Work request:
In the listing that follows, find the line with "2021년 4월 13일 113호 무료 이사 지원 서비스", then copy exactly from it through the line with "Sandalias minimalistas con", leaving out every picture.

Data for the task:
»»

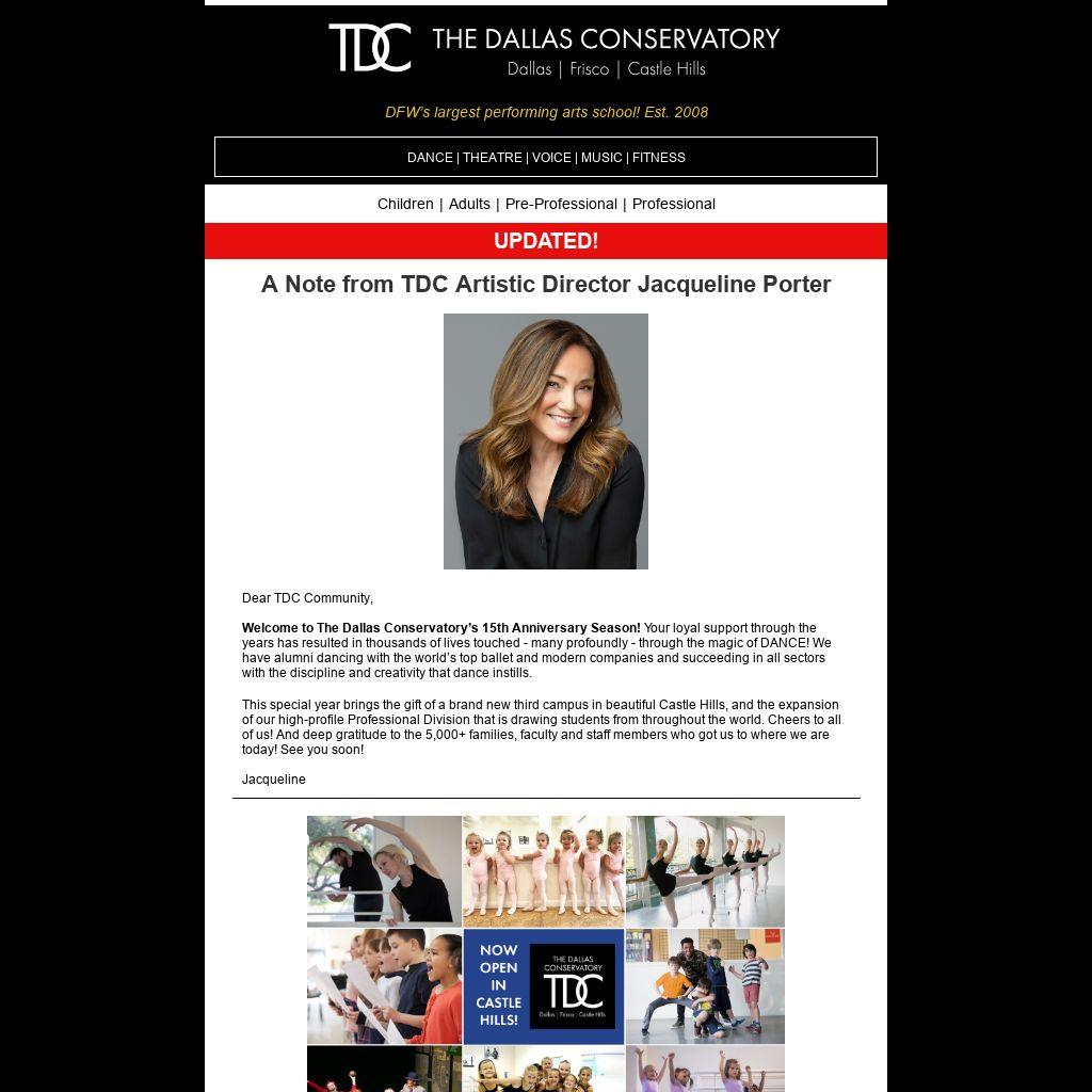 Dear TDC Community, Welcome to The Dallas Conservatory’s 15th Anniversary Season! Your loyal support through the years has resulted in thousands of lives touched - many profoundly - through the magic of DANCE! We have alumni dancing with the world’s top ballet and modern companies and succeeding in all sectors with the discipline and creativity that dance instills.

««
»»

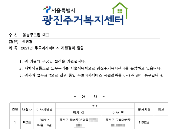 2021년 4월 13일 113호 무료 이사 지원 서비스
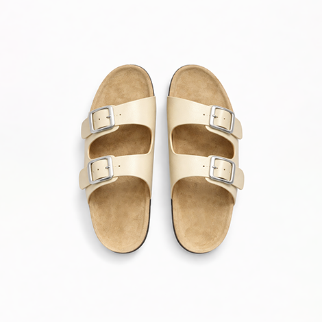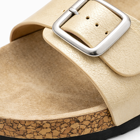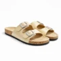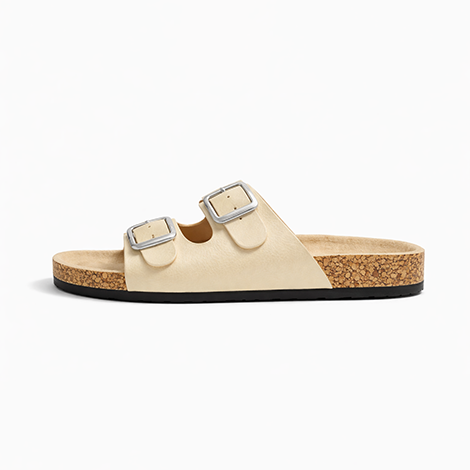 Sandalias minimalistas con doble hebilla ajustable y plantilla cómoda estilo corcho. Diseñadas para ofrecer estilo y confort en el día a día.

««

Answer section:
 2021년 4월 13일 113호 무료 이사 지원 서비스
 Sandalias minimalistas con doble hebilla ajustable y plantilla cómoda estilo corcho. Diseñadas para ofrecer estilo y confort en el día a día.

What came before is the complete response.